Степан смотрел мутным взором, как над варевом поднимается зеленоватый дым и стрелкой уходит в темнеющее небо. Удары бубна все учащались. За деревьями мелькнула массивная фигура. Степан посмотрел на темную стену сосен. Ничего. Между тем он отчетливо слышал, как хрустнули ветки.

Шаман вдруг перестал кружиться и снял с огня котелок. Степан отметил про себя, что Иван держит раскаленную посудину голыми руками, но почему-то это казалось совершенно естественным. Бурят отхлебнул варева (и это опять не показалось Степану странным, хоть оно и бурлило) и поднес котелок к губам Белбородко.

– Ты должен отправиться в путешествие, – сказал бурят, – ты должен отнять свою душу у черного шамана.

Горло обожгла лава, она растеклась по телу, разрывая его болью, Степан даже не предполагал, что бывает ТАКАЯ боль. Тело распадалось на атомы…

Он вдруг понял, что его, Степана Белбородко, больше нет. Он стал деревьями, которые окружали опушку, звездами, озером… Совсем рядом опустилась большая черная птица и, склонив голову набок, взглянула в упор. Степан почувствовал, как неумолимая и безразличная сила подхватила его. Белбородко стремительно затягивало в птичьи глаза, как в омут, он не смел противиться, не мог. Птица взмыла в ночное небо, и Степан увидел раскинувшуюся внизу Ладогу. По берегу то тут, то там чернели домишки, утлые лодчонки щепками покачивались на воде…

Внезапно Степан обнаружил, что вновь сидит у костра. Языки пламени, извиваясь, тянулись к ночному небу. Иван-бурят дубасил в бубен, завывая и приплясывая. Вот шаман подскочил к Степану и запихнул ему в рот какой-то сушеной дряни, ради чего на время прекратил терзать музыкальный инструмент.

«Наверное, мухоморы, – мрачно подумал Степан, – сейчас опять начнется».

Накаркал.

Тело с удивительной скоростью обросло мохнатой шкурой, руки и ноги превратились в могучие лапы, из подушечек пальцев высунулись когти. Белбородко опустился на четвереньки и, свирепо рыкая, пошел на шамана…

* * *

Когда мухоморы отпустили, над озерной гладью уже медленно поднималось солнце.

Степан сидел на бревне совершенно голый, руки и ноги связаны. Костер потух, котелок валялся на углях, рюкзак растерзан, всякая туристская мелочь разбросана по траве, а на раздвоенном сосновом стволе двумя перочинными ножами – его и Ивана – распят прожженный на груди тельник.

От гриппа не осталось и следа, в голове же шумело…

За спиной послышалось шевеление.
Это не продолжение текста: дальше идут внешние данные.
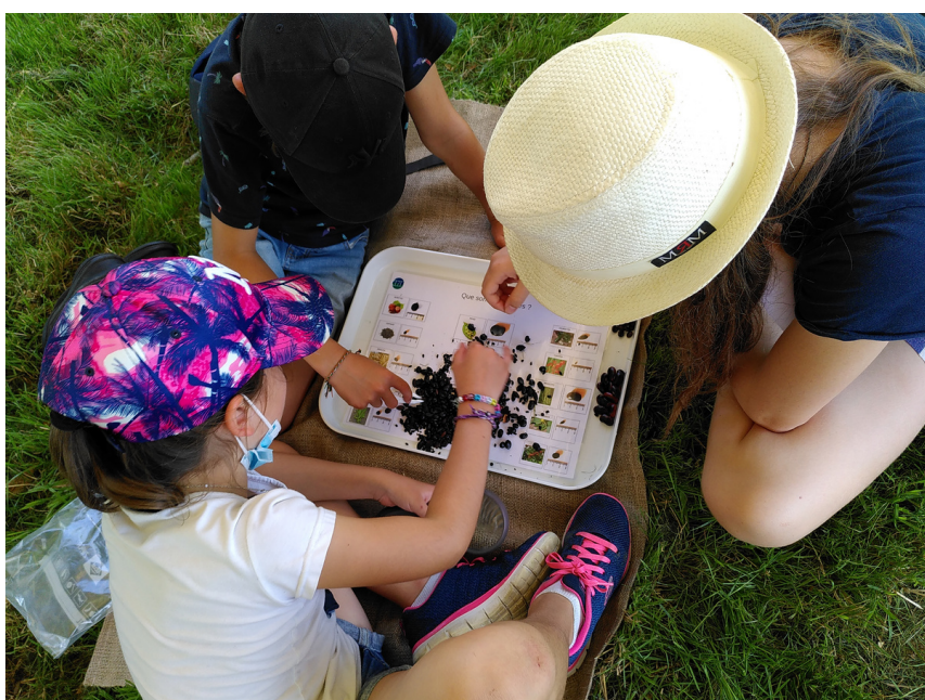
RPB Essé - 21/07/2021

Les Rencontres préhistoriques de Bretagne seront reconduites en 2022, avec déjà plusieurs sites demandeurs, notamment Essé, Langon, Arzon, Plouhinec et Carhaix, preuve de l'engouement pour ces journées de valorisation des sites préhistoriques.

Степан обернулся – из палатки выполз Иван. Вид у Ивана был неважнецкий – на лице синяк, щека распухла, одежда превратилась в хлам: правый рукав ватника полуоторван, обе штанины в дырах, и все – от кирзовых сапог до воротника – жутко, по-бомжацки грязное. Иван держался за правое плечо.
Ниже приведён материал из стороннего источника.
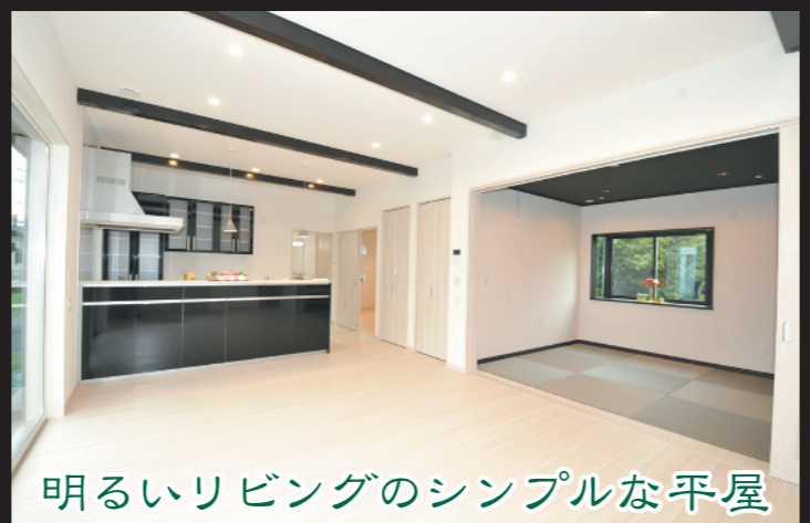
明るいリビングのシンプルな平屋
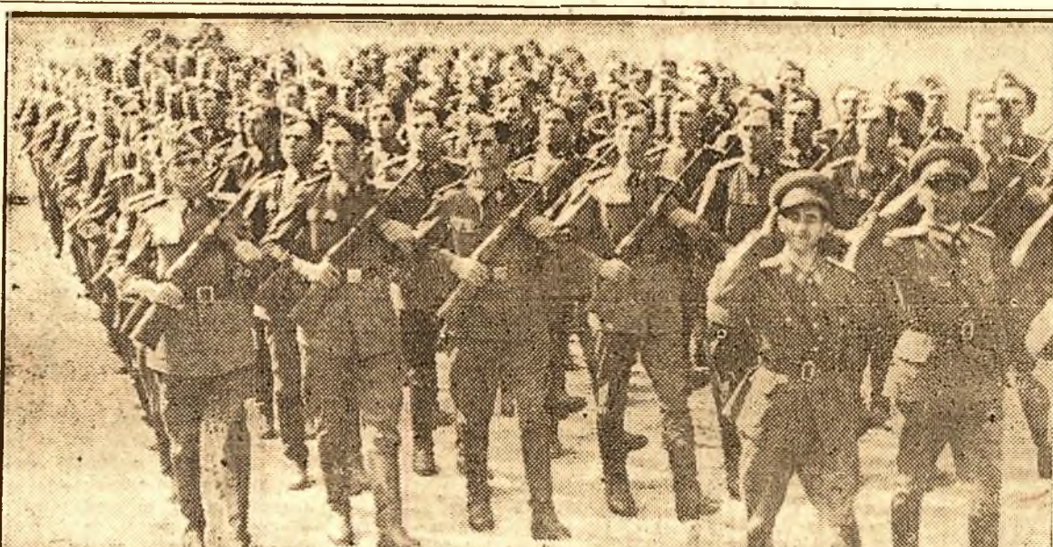
Unități ale armatei R. P. R., delând în ziua de 1 Mai.

– Еле угомонил, однако, – обиженно сказал бурят.

Степан помнил события минувшей ночи довольно смутно:

– А чего было?

– Да как дух в тебя вошел, так ты и взбесился, однако… Сам-то ты был в нижнем мире, душу свою вызволял, а тело твое здесь осталось.

– И что здесь тело мое делало? – настороженно спросил Степан.

Иван невесело засмеялся:

– Сильно бузил, однако, голым по лесу скакал, на елки кидался, тельник свой в костре душил, меня по земле валял, убить хотел. Не убил, только плечо вывихнул, рукой пошевелить не могу, болит очень.

– И как же ты от меня отбился?

– Да мы привыкшие, – потер скулу Иван, – камушком стукнул тебя легонечко и к соснам прислонил. Так что ты ничего дурного не сделал. – Иван на мгновение замолк, посмотрел через смотровые прорези в лице и многозначительно добавил: – Хотя и мог бы, однако… Очень сильного духа в себя впустил. Ты, Степан, тоже шаман. Скоро зов услышишь, однако. Твой эрен – медведь, скоро позовет тебя.

Судя по разрухе, которая царила вокруг, Иван несколько преуменьшал его «подвиги».

– А нечего было мухоморами кормить, – злобно сказал Степан. – Руки-то развяжи…

* * *

Через несколько дней Иван уехал на родину… А плечо ему Степан вправил прямо на полянке.

Глава 5,

в которой Степан знакомится со своим эреном

Степан стоял на бережку и чувствовал, что вот-вот отправится в «путешествие». Эта сомнительная перспектива его, мягко говоря, не вдохновляла, и он из последних сил пытался собрать себя из разлетающихся осколков.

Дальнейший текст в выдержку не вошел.